The United Methodist General Conference is meeting this week and next in Charlotte, North Carolina. The General Conference is the meeting of United Methodist delegates from all over the world to make policy and doctrinal decisions for our denomination. General Conferences are usually held every four years, but because of the COVID pandemic in 2020 this will be the first General Conference in 8 years. This year we’ll be editing our Book of Discipline (the United Methodist rule book about church governance, doctrine, and theology) to accommodate the ongoing split in the United Methodist Church. In the next few weeks, as news becomes available and we understand what decisions have been made, I’ll be passing along my thoughts about what the Conference will mean for our congregation and our region. In the meantime, please pray for all the delegates present, that they may be guided by God in making the best possible decisions.  

I hope you’re enjoying springtime as much as I am, and I look forward to seeing you at church! 

Grace and Peace, 

Andy 

March 2, 2022 

Dear U Park Family, 

Blessed Ash Wednesday to you. I hope it’s been reflective and rewarding. We have services at the church today at noon and 6:00 P.M., and I hope you can join us for one of them.  
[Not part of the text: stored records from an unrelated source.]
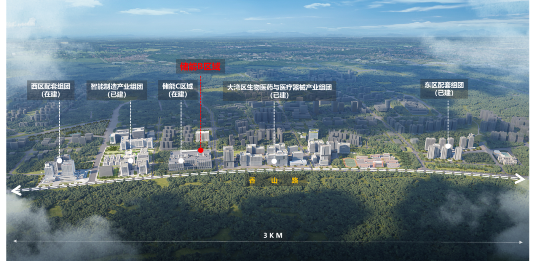 項(xiàng)目所在的高新區(qū)金鼎片區(qū),上位規(guī)劃以“產(chǎn)業(yè)新社區(qū)”為核心理念,通過探索構(gòu)建城市社區(qū)新形態(tài)的路徑,打造產(chǎn)城融合示范區(qū),作為首個(gè)呈現(xiàn)的產(chǎn)業(yè)新社區(qū),在香山路近3km的范圍內(nèi),集中布局了智能制造、新能源以及生物醫(yī)藥三大產(chǎn)業(yè)組團(tuán),以高品質(zhì)產(chǎn)業(yè)建筑重塑片區(qū)門戶形象。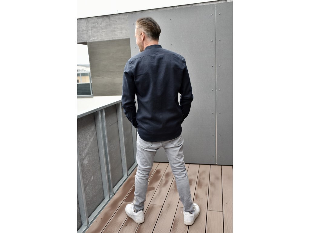 Tato pánská košile ze 100% lnu je ideální volbou pro muže, kteří hledají spojení elegance a komfortu. Díky volnějšímu střihu a stojáčku místo klasického límečku působí moderně, ale zároveň nadčasově.
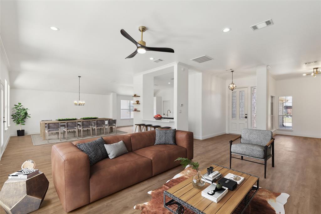 Fully remodeled three-bedroom, two-bath sanctuary nestled on a spacious greenbelt lot in Denton’s exclusive Robson Ranch community. This thoughtfully redesigned residence offers an open floorplan bathed in natural light, ideal for both comfortable living and elegant entertaining. Step into the gourmet kitchen, where shoji white slim shaker-style cabinetry harmoniously pairs with an oversized artesian blue island. Deep-vein valentine gold quartz countertops and Frigidaire Gallery stainless steel appliances make this space a chef's delight. Throughout the home, Delta's Nicoli collection plumbing fixtures in champagne bronze, designer-matched hardware and lighting fixtures accompanied by energy-efficient LED lighting add touches of sophistication. Wide plank quiet step water resistant luxury vinyl flooring extends seamlessly through each room, complemented by tasteful base and crown molding. The living area features a linear fireplace, creating a cozy ambiance perfect for gatherings. Retreat to the primary suite, which boasts bay windows with patio access, an ensuite bath with dual vanities, a seamless glass shower, and a spacious walk-in closet. Additional amenities include a well-appointed laundry room with a sink, a three-car garage providing ample storage, and a large covered patio overlooking the landscaped backyard, greenbelt, and walking trails. Living in Robson Ranch means embracing a vibrant lifestyle with access to tennis courts, a golf course, resort-style pool, and scenic walking trails. Engage with community clubs, enjoy nightlife options, and participate in resident-focused activities. The on-site clubhouse and restaurants offer convenient dining and socializing opportunities. Experience the perfect blend of luxury, comfort, and community in this exceptional home designed with your lifestyle in mind.

I’ve talked with several Pastor friends of mine, and we are unanimous about one thing: traditional Ash Wednesday and Lenten themes don’t resonate very well this year.   

Traditionally, Ash Wednesday is a time to reflect on the transience of life and to think about how we can appropriately use the time we have. It’s the beginning of Lent, and the Ash Wednesday liturgy usually includes what’s called the “invitation to the observance of Lenten Discipline.” Traditionally, when we make the sign of the cross in ashes on the hands or foreheads of worshipers, we say, “you are dust and to dust you shall return.” It’s meant to be a solemn reminder of our mortality, as the beginning to a season of reflection and repentance.  
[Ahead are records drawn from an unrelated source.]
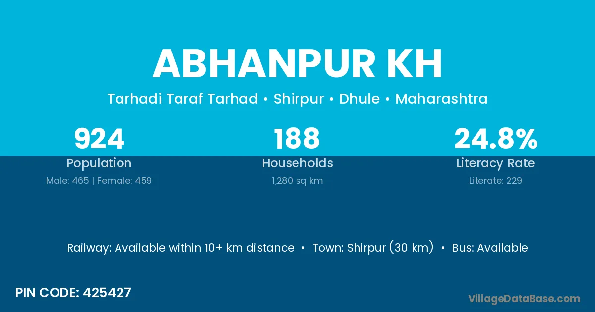 Shirpur (30 km) is the nearest town to Abhanpur Kh village for major economic activities and is located approximately 30 km away.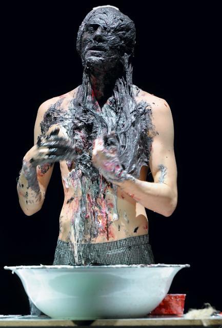 W finale przywołanej już Orestei performatywnemu działaniu Sebastiana Pawlaka (Orestes) towarzyszył filmowy zapis analogicznych działań. Widzowie obserwowali aktora ustawionego na proscenium dużej sceny, który kilkakrotnie powtarzał tę samą sekwencję. Oklejał swoją twarz i szyję ciągliwą, ziemistą substancją, a farbą podkreślał czerń oczu i czerwień ust, po czym pobieżnie wycierał twarz i „malowanie” rozpoczynał od nowa. Działaniu towarzyszył przygotowany wcześniej zapis filmowy niemal identycznych działań, emitowany z delikatnym wyprzedzeniem poszczególnych faz na ogromnym ekranie. Zestawienie wątłego ciała aktora i jego trudno dostrzegalnych (przynajmniej przez widzów z dalszych rzędów) czynności z dużym, bogatym w detale, łatwo dostępnym i dominującym nad sceną obrazem ogromnego popiersia wprowadzało rozbicie percepcji publiczności. Niewielka żywa twarz aktora nikła w przestrzeni. Natomiast olbrzymi obraz zniekształconego mazią oblicza, wywołującego u obserwujących widzów nieprzyjemne wrażenia „dotyku wyobrażonego”, atakował wzrok publiczności, jakby domagając się ich reakcji. Dodatkowo przesunięcie o kilkanaście sekund poszczególnych faz – obrazy wyprzedzały działania na scenie – wprowadzało efekt zapętlenia, wzmagało poczucie niekończącej się powtarzalności upiornej transformacji.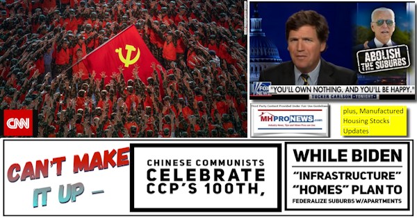 In the U.S.A., the all-too-cozy with Communist China Biden-Harris regime is planning their move in a Democratically controlled Congress to pass by reconciliation a bill that would include the HOMES Act. If successful, the reconciliation process would require only 50 votes in the U.S. Senate, which the Democrats have. Per right-of-center Breitbart, “Democrats plan to federalize local zoning laws within the infrastructure reconciliation package to displace single-family homes with high-rise, low-income apartments to impact the already purple suburbs.

But discussing it this year, my friends and I all agree that we’ve had more than enough reminders of mortality over the past couple of years. Thank God, vaccinations continue to increase and the pandemic mortality continues to decline. But the pandemic is far from the only thing reminding us of our mortality lately. Climate change (complete with the recent, bleak IPCC report), escalating rates of violence in our nation, Russia’s sudden and disturbing attack on Ukraine: it seems like everywhere we turn we’re being told that we’re dust and to dust we shall return.  
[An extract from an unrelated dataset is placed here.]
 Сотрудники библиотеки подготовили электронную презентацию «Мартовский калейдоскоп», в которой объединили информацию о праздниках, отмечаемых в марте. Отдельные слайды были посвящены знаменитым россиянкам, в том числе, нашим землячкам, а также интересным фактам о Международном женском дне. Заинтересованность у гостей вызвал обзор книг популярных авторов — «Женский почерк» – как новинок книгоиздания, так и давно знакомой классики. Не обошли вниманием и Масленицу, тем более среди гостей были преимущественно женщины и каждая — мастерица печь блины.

For that reason, I’ll be approaching Lent differently this year. What if the Gospel stories are not just stories about Jesus, but stories about us? What if the resurrection story isn’t just about Jesus’s miraculous triumph over death, but a template for us? In our Lenten reflections this year, I’ll be focusing on what we’re called to leave behind in order to be resurrected – to be formed into the joyful and thriving people we’re called to be. This Sunday in worship, I’ll focus on the story of Jesus’s temptation in the desert, found in the Gospel of Luke. I’ll be asking the question of what the story asks us to leave behind. I hope you’ll join us at 10:00 A.M. in the Sanctuary, or later that afternoon from home by watching on our YouTube Channel.  

Speaking of things we’re leaving behind, this coming Sunday we’ll move from “masks required” to “masks encouraged” status. As always, I’m very grateful to our congregation’s medical professionals who have advised the staff throughout the pandemic. We’re all agreed that this is the right move. Of course, there are a number of people in the congregation who need or wish to remain masked, and we completely support that need and encourage you to do so. Others may decide to go unmasked. What’s most important, it seems to me, is that we continue to respect one another and support one another’s needs just as we have done throughout the pandemic.  

On the 20th and 27th of this month I will be in Guatemala with our church’s mission team, serving a medical clinic operated by the nonprofit agency Salud y Paz (“health and peace”). Those two Sundays, we’ll have guest preachers – I’ll keep you posted here about who they will be.  

May your Ash Wednesday and Lent strengthen and ground you in these unsettling times, as we begin this season of reflection.